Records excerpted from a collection
....................
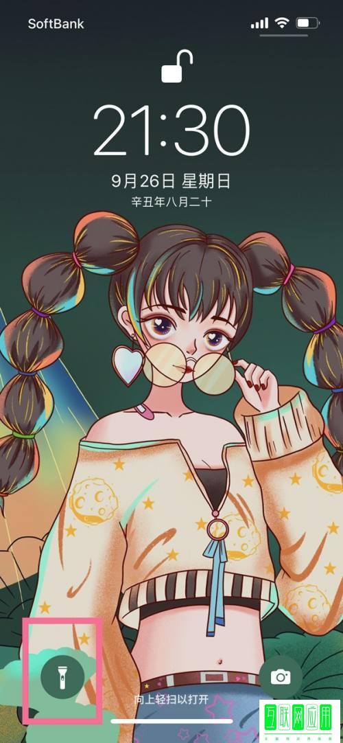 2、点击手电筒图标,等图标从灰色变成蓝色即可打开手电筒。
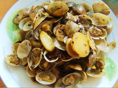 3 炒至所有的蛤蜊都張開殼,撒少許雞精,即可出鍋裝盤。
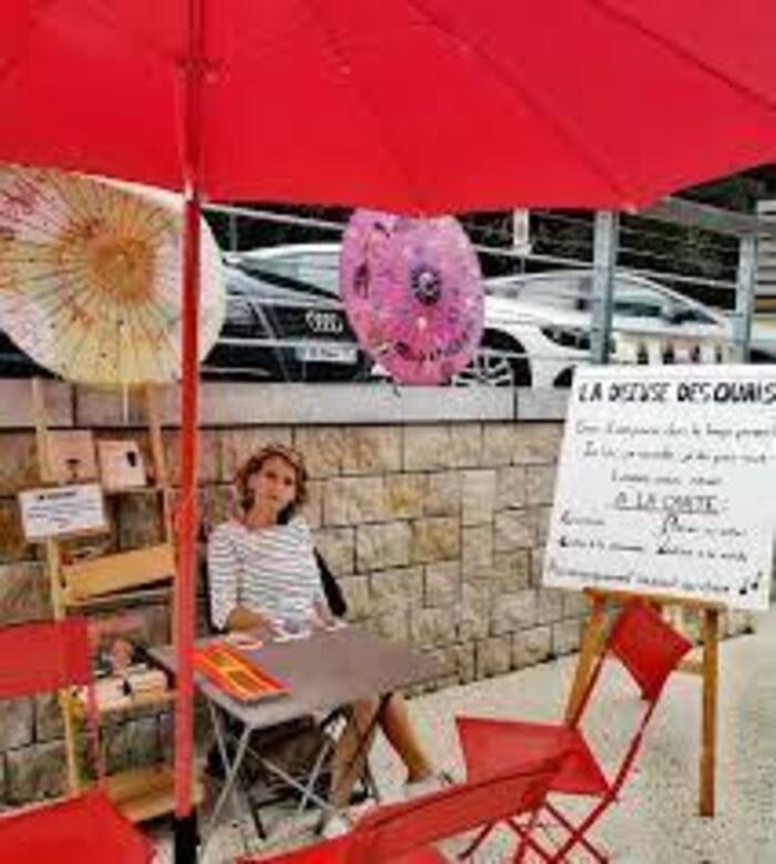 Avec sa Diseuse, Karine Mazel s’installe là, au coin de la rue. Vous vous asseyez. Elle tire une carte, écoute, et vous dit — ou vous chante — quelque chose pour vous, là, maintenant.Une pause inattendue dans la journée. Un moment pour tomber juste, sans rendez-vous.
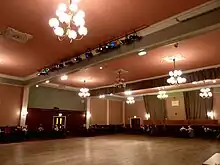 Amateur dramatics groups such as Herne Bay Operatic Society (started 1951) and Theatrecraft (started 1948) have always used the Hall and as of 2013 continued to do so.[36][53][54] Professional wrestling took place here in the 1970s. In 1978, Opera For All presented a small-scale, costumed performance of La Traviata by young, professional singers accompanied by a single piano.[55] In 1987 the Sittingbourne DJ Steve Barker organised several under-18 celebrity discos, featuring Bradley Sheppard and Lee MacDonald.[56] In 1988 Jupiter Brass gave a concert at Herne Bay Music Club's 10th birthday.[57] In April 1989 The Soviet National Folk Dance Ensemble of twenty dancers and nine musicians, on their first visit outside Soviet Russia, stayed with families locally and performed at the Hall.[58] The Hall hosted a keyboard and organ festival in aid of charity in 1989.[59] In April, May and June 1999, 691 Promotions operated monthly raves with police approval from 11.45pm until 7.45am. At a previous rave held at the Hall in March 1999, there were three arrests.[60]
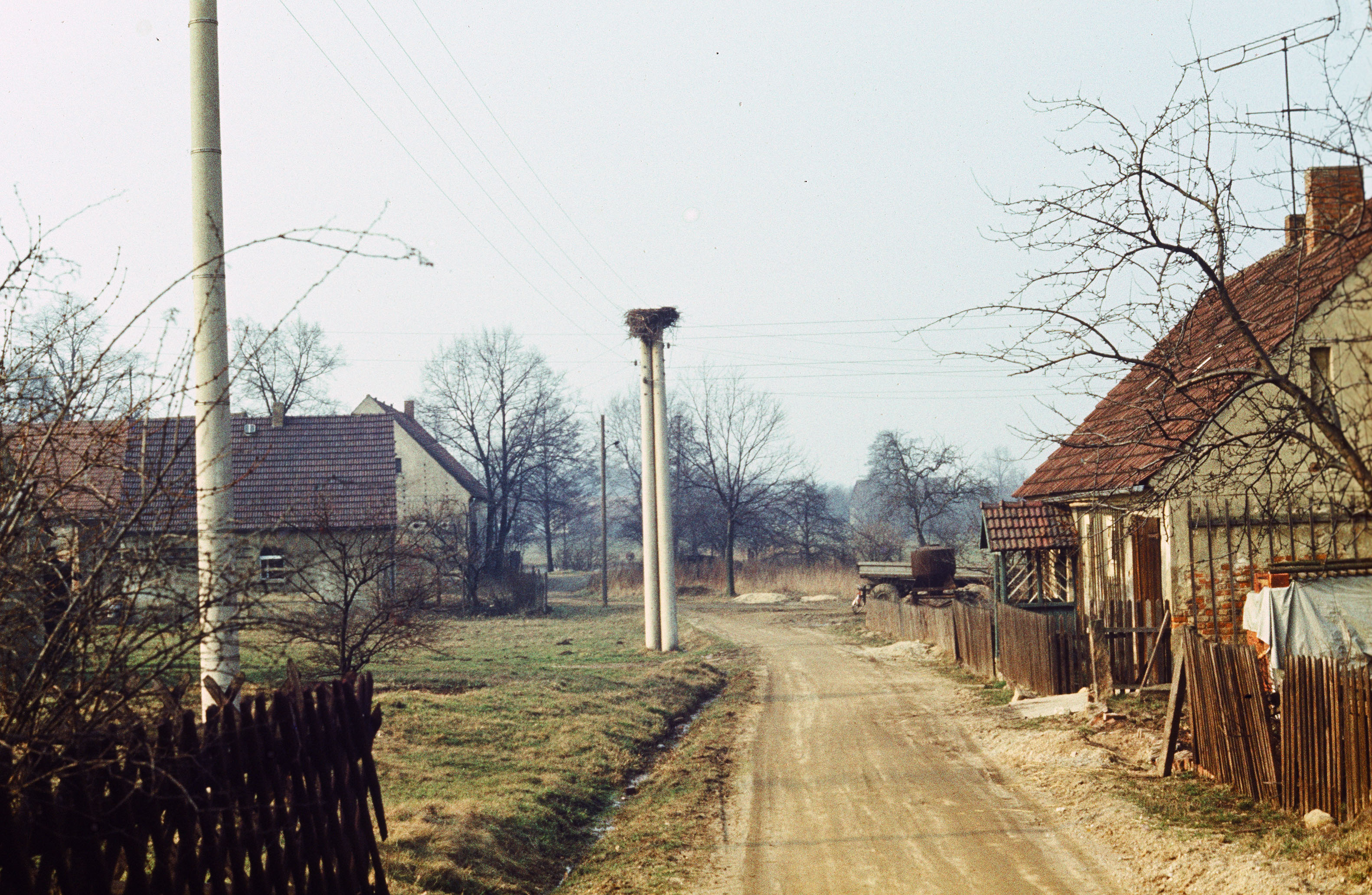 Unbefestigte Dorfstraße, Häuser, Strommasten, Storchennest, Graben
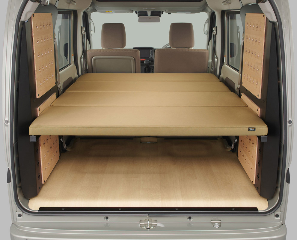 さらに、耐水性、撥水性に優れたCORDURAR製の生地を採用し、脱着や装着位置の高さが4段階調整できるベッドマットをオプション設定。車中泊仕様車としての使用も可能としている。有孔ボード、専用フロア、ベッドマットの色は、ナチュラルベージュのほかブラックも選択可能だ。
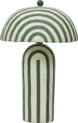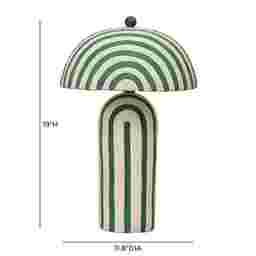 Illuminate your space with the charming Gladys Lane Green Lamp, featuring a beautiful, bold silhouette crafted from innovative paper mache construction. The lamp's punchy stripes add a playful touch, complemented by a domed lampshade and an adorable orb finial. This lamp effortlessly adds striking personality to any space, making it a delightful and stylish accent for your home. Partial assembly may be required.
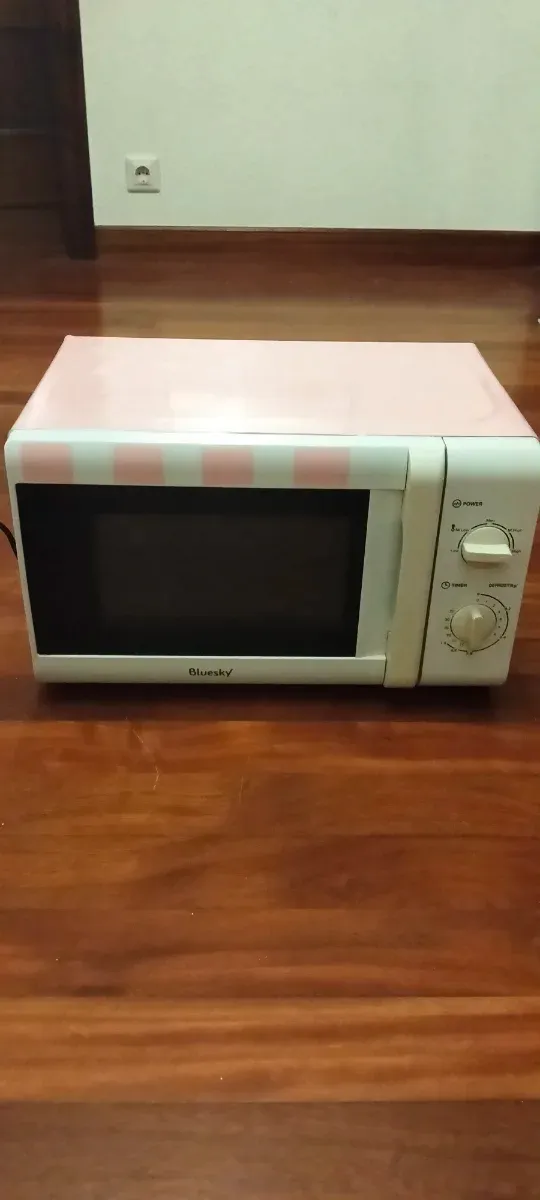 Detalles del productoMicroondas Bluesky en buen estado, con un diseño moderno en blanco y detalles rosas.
....................
→ **EXERCISE AIM**
Please copy the lines above exactly, starting at the line that holds "3 炒至所有的蛤蜊都張開殼,撒少許雞精,即可出鍋裝盤。" and ending at the line that holds "さらに、耐水性、撥水性に優れ"; include both, but no pictures.

→ **RESPONSE BOX**
 3 炒至所有的蛤蜊都張開殼,撒少許雞精,即可出鍋裝盤。
 Avec sa Diseuse, Karine Mazel s’installe là, au coin de la rue. Vous vous asseyez. Elle tire une carte, écoute, et vous dit — ou vous chante — quelque chose pour vous, là, maintenant.Une pause inattendue dans la journée. Un moment pour tomber juste, sans rendez-vous.
 Amateur dramatics groups such as Herne Bay Operatic Society (started 1951) and Theatrecraft (started 1948) have always used the Hall and as of 2013 continued to do so.[36][53][54] Professional wrestling took place here in the 1970s. In 1978, Opera For All presented a small-scale, costumed performance of La Traviata by young, professional singers accompanied by a single piano.[55] In 1987 the Sittingbourne DJ Steve Barker organised several under-18 celebrity discos, featuring Bradley Sheppard and Lee MacDonald.[56] In 1988 Jupiter Brass gave a concert at Herne Bay Music Club's 10th birthday.[57] In April 1989 The Soviet National Folk Dance Ensemble of twenty dancers and nine musicians, on their first visit outside Soviet Russia, stayed with families locally and performed at the Hall.[58] The Hall hosted a keyboard and organ festival in aid of charity in 1989.[59] In April, May and June 1999, 691 Promotions operated monthly raves with police approval from 11.45pm until 7.45am. At a previous rave held at the Hall in March 1999, there were three arrests.[60]
 Unbefestigte Dorfstraße, Häuser, Strommasten, Storchennest, Graben
 さらに、耐水性、撥水性に優れたCORDURAR製の生地を採用し、脱着や装着位置の高さが4段階調整できるベッドマットをオプション設定。車中泊仕様車としての使用も可能としている。有孔ボード、専用フロア、ベッドマットの色は、ナチュラルベージュのほかブラックも選択可能だ。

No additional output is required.